I hope this Wireshark log will help.

I had a running CSS with PV Formula: pva://topic1 and then I run ./example/O.linux-x86_64/mailbox topic1
mailbox-topic1.zip

Maybe not relevant but this is an error from CSS

2021-01-12T09:19:40.304+01 SEVERE [Thread 1] org.csstudio.logging.PluginLogListener (logging) - Unhandled event loop exception
java.lang.NullPointerException
	at org.diirt.support.pva.PVAChannelHandler.getProperties(PVAChannelHandler.java:314)
	at org.csstudio.diag.pvmanager.probe.DetailsPanel.setChannelProperties(DetailsPanel.java:214)
	at org.csstudio.diag.pvmanager.probe.DetailsPanel$1$1.run(DetailsPanel.java:194)
	at org.eclipse.swt.widgets.RunnableLock.run(RunnableLock.java:40)
	at org.eclipse.swt.widgets.Synchronizer.runAsyncMessages(Synchronizer.java:185)
	at org.eclipse.swt.widgets.Display.runAsyncMessages(Display.java:5026)
	at org.eclipse.swt.widgets.Display.readAndDispatch(Display.java:4582)
	at org.eclipse.e4.ui.internal.workbench.swt.PartRenderingEngine$5.run(PartRenderingEngine.java:1173)
	at org.eclipse.core.databinding.observable.Realm.runWithDefault(Realm.java:338)
	at org.eclipse.e4.ui.internal.workbench.swt.PartRenderingEngine.run(PartRenderingEngine.java:1062)
	at org.eclipse.e4.ui.internal.workbench.E4Workbench.createAndRunUI(E4Workbench.java:155)
	at org.eclipse.ui.internal.Workbench.lambda$3(Workbench.java:644)
	at org.eclipse.core.databinding.observable.Realm.runWithDefault(Realm.java:338)
	at org.eclipse.ui.internal.Workbench.createAndRunWorkbench(Workbench.java:566)
	at org.eclipse.ui.PlatformUI.createAndRunWorkbench(PlatformUI.java:150)
	at org.csstudio.utility.product.Workbench.runWorkbench(Workbench.java:99)
	at org.csstudio.startup.application.Application.startApplication(Application.java:265)
	at org.csstudio.startup.application.Application.start(Application.java:119)
	at org.csstudio.iter.css.product.ITERApplication.start(ITERApplication.java:120)
	at org.eclipse.equinox.internal.app.EclipseAppHandle.run(EclipseAppHandle.java:203)
	at org.eclipse.core.runtime.internal.adaptor.EclipseAppLauncher.runApplication(EclipseAppLauncher.java:137)
	at org.eclipse.core.runtime.internal.adaptor.EclipseAppLauncher.start(EclipseAppLauncher.java:107)
	at org.eclipse.core.runtime.adaptor.EclipseStarter.run(EclipseStarter.java:400)
	at org.eclipse.core.runtime.adaptor.EclipseStarter.run(EclipseStarter.java:255)
	at java.base/jdk.internal.reflect.NativeMethodAccessorImpl.invoke0(Native Method)
	at java.base/jdk.internal.reflect.NativeMethodAccessorImpl.invoke(NativeMethodAccessorImpl.java:62)
	at java.base/jdk.internal.reflect.DelegatingMethodAccessorImpl.invoke(DelegatingMethodAccessorImpl.java:43)
	at java.base/java.lang.reflect.Method.invoke(Method.java:566)
	at org.eclipse.equinox.launcher.Main.invokeFramework(Main.java:661)
	at org.eclipse.equinox.launcher.Main.basicRun(Main.java:597)
	at org.eclipse.equinox.launcher.Main.run(Main.java:1476)
	at org.eclipse.equinox.launcher.Main.main(Main.java:1449)

from pvxs.

mdavidsaver avatar mdavidsaver commented on June 9, 2024

I hope this Wireshark log will help.

It looks like you captured only the UDP (search) traffic.

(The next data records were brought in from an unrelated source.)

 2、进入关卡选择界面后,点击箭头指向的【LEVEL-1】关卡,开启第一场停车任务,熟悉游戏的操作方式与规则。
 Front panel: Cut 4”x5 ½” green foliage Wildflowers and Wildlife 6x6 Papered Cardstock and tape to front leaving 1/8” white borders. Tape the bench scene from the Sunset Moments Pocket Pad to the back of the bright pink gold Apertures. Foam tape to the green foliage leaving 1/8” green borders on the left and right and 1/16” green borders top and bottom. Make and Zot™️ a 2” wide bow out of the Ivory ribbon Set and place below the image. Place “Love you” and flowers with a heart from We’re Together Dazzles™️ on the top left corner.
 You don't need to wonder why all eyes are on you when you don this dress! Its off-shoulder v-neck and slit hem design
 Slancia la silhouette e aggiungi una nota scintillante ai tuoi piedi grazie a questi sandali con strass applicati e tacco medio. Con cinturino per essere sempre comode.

The relevant part is the TCP traffic. I've added a section on packet capture to the documentation. Please let me know if this is helpful (and correct).

from pvxs.

mdavidsaver avatar mdavidsaver commented on June 9, 2024

I may have an idea of what is going wrong. Can you re-test with the master branch (at e9ce808)? If this doesn't fix the issue, I've also added some more detail to the error message which will hopefully give some further clue.

from pvxs.

karlosp avatar karlosp commented on June 9, 2024

I can confirm that the issue is fixed now.

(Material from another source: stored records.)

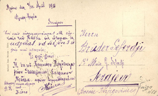 Πίσω όψη: Εκδότης ο Jean Boucas, στο Κάιρο. Στάλθηκε από το Κάιρο στις 9/22 Απριλίου 1913 στο Σεράγεβο (Βοσνία, Ερζεγοβίνη). Οι ευχές είναι γραμμένες στα Ελληνικά.
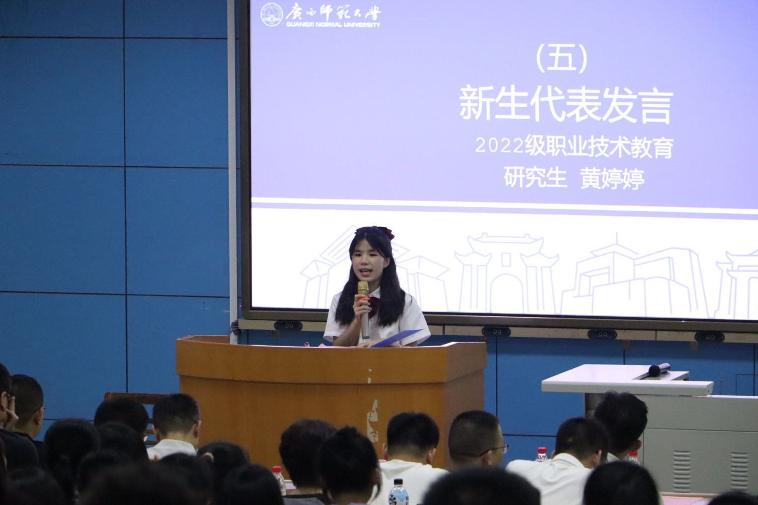 学院行政负责人代表学院全体师生向新生们表示热烈欢迎,她向全体新生介绍了职师学院近年来的发展概况,特别是在师资队伍建设、学科建设和专业发展、人才培养等方面取得的成绩成果。她对新同学们提出期待,作为新一代“职师人”,在职业教育快速高质量发展的新时代,要好好积极拥抱学习生活,感知发现身边一切美好的事物、美好的人,让生活充满热情和希望。珍惜一切学习的机会,把自己锻炼成为一个有责任、有担当、有情趣、有志向,品德高尚、学有专长、全面发展的国之栋梁。
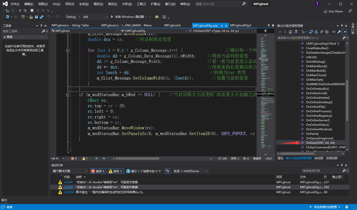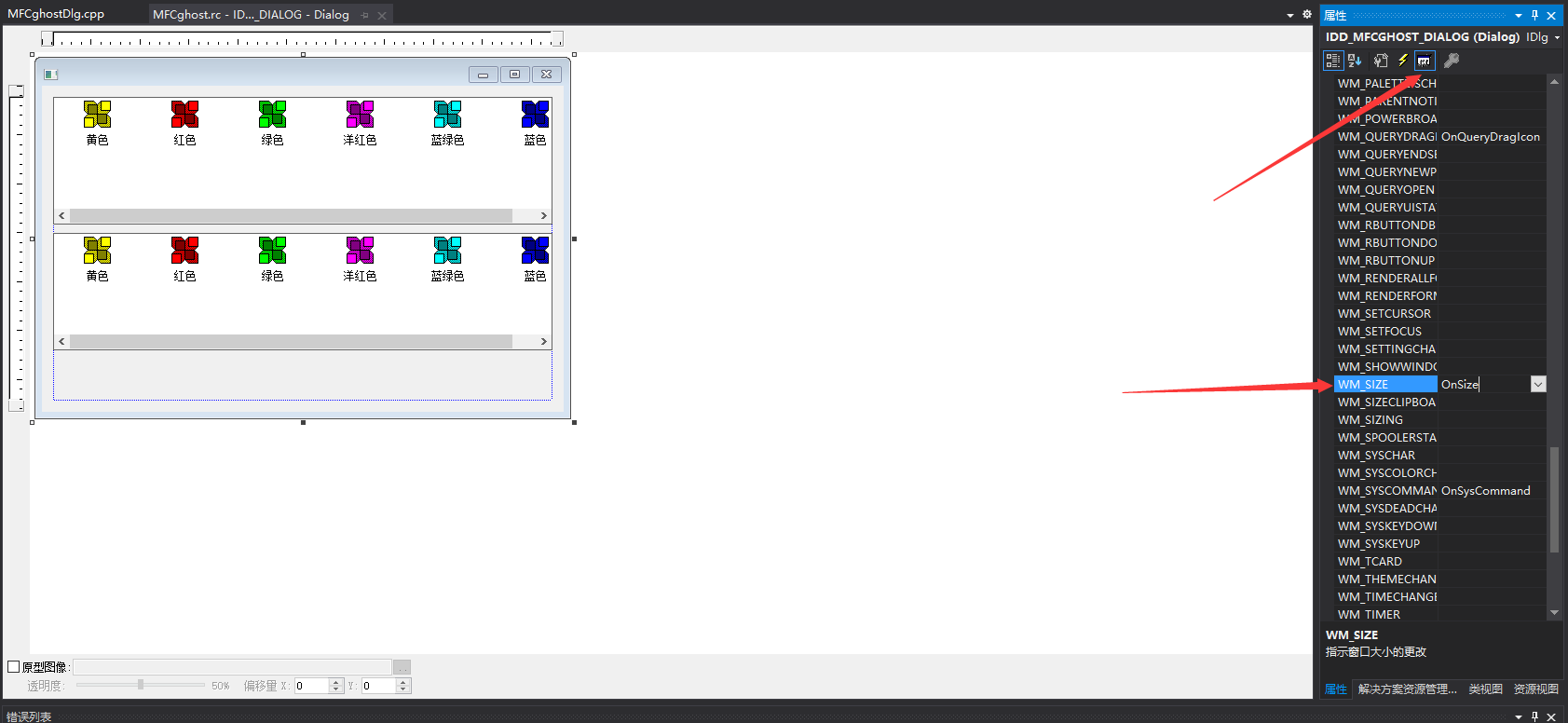 7.相应对话框改变大小的消息WM_SIZE就是 向对话框抛出这个消息对话框就会改变大小,我们先相应这个消息,然后再把这个消息

I do not know if it is somehow related but I noticed one error in Log Messages in CSS while running the same example as described in my first post, which pops up exactly every 60s.

2021-01-13T12:17:29.262+01 WARNING [Thread 188] org.epics.pvaccess.impl.remote.codec.AbstractCodec (processHeader) - Invalid header received from client /10.0.2.15:59504, disconnecting...

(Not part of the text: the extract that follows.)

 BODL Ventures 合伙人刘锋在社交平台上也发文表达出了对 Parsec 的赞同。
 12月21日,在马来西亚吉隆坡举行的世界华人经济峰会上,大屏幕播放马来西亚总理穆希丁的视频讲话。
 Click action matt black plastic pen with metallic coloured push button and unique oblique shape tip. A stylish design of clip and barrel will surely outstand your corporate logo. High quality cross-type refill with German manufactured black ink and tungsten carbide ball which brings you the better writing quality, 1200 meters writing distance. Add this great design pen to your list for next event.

I started capturing data a few seconds before the event and stopped about a second after the event.
Invalid header received from client.pcapng.gz

Maybe another issue should be opened for this?

from pvxs.

mdavidsaver avatar mdavidsaver commented on June 9, 2024

I can confirm that the issue is fixed now.

Good.

Invalid header received from client /10.0.2.15:59504, disconnecting...

I think this error message is itself in error. It indicates a protocol framing error. Based on your last packet capture, and some local tests, I think the actual cause is that the server is timing out and closing the connection.

I can see an unacknowledged CMD_ECHO from the client, and a ~200us later the server RSTs the connection. I guess this abnormal close somehow isn't handled properly in pvAccessJava and maybe junk in the RX buffer is being processed?

If I set export PVXS_LOG=*=DEBUG (or WARN) for the mailbox server I see eg.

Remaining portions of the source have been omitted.